If your C/C++ project depends on some external C/C++ projects and you want to make some changes in external functions/methods and you would like to copy/paste these changes automatically then this package may help you.

There are two tools:

  1. editcpp used to edit source code;
  2. dumpcpp used to print some information about C/C++ translation units

We will discuss editcpp as it is the objective tool.

editcpp doesn't work with templates.

The idea behind editcpp tool

editcpp uses libclang to find function/method definition start/end lines in text file (.c, .h, .hpp, .cpp or whatever extension you use for your C/C++ project). libclang parses each dest.cpp and src.cpp and everything that is included by #include preprocessor directives. Then editcpp tool selects all functions and methods defined in dest.cpp and src.cpp (it skips any function/method defined in other file) and tries to find matching functions/methods. After that editcpp copies function/method definition from src.cpp and paste it to the dest.cpp while deleting old funcion/method definition.

To find common function editcpp checks:

  • are they both definitions?
  • are they both const?
  • are they both static?
  • are they both vitual?
  • are they both functions?
  • are they both methods?
  • do they both have the same name?
  • do they both have the same return type and arg types?
  • do they both have the same semantic parent (classname)? (for methods only)

If your new function/method definition uses external types then these types must be preliminary declared (not necessary to define them).

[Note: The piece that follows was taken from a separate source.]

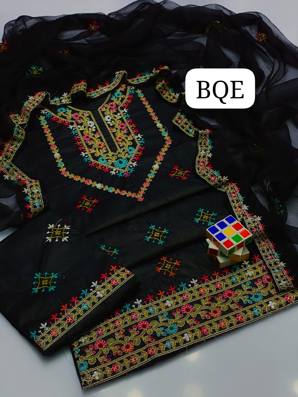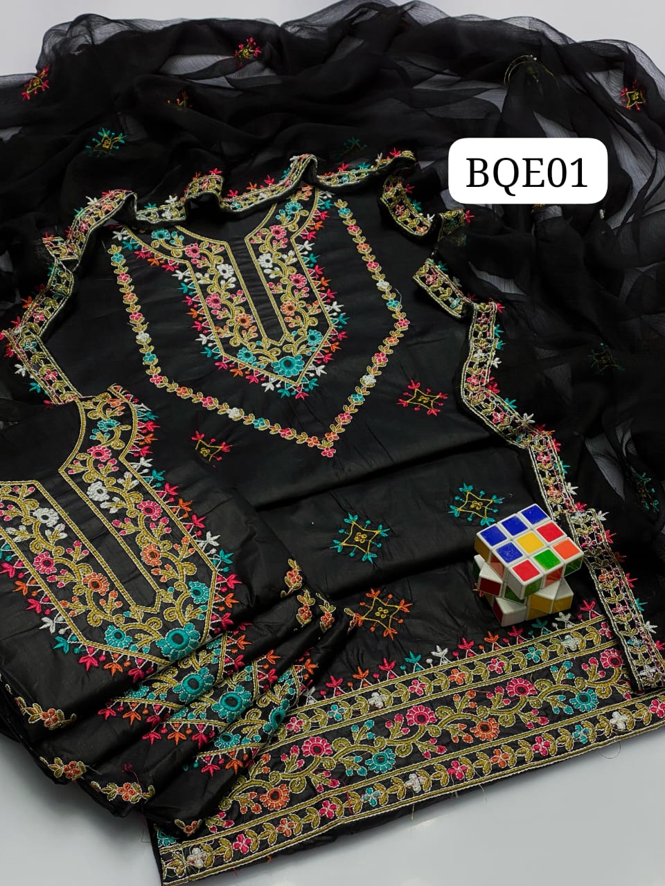 Stuff Lawn Cotton Front heavy Gala Daman Multi Embroidery Shirt And Trouser With Chiffon Embroidery Dupatta 3PC Dress

Remember that after editcpp finds common functions/methods it will simply copy selected text lines from one file to another.

Example

original function/method definition file dest.h:

#include <iostream>

// helper class that is used by the target class `Src`
class SrcPrivate {
public:
 SrcPrivate(){};

 void add(int v){
   val += v;
 }

 void substract(int v){
   val -= v;
 }

private:
 int val;
}

// target class
class Src {
 // method defined inside the class
 void add(SrcPrivate p, int v){
   p.add(v);
 }

// method defined outside the class
 void substract(SrcPrivate p, int v);

// we won't tuch this method
 void untouched_print(int v){
   std::cout << "The value is:\t" << v << std::endl;
 }
}

void Src::substract(SrcPrivate p, int v){
 p.substract(v);
}

// simple function
void foo(int &v){
 v--;
}

namespace ns {
 // function in namespace
 void bar(int &v){
   v++;
 }
}

new function/method definition file src.h:

class SrcPrivate;   // declare helper type

// target class
class Src {
  // NEW method definition inside class
  void add(SrcPrivate p, int v){

    p.add(v) + 10;

  }

  // NEW method definition ouside class
  void substract(SrcPrivate p, int v);
}

void Src::substract(SrcPrivate p, int v){
  p.substract(v) - 10;
}

// NEW simple function definition 
void foo(int &v){
  v -= 10;
}

// NEW function definition in namespace
namespace ns {
  void bar(int &v){
    v += 10;
  }
}

Run:

editcpp --src-file=src.h --dest-file=dest.h --oldfile-keep -std=c++03

The -std=c++03 tells the clang to parse the files as C++. Also you may need to use any other clang flags like -I to include directories that are required by the files.

--oldfile-keep is used to keep the original file (it will be renamed by adding _OLD_N suffix). Otherwise use --oldfile-delete to delete the original file.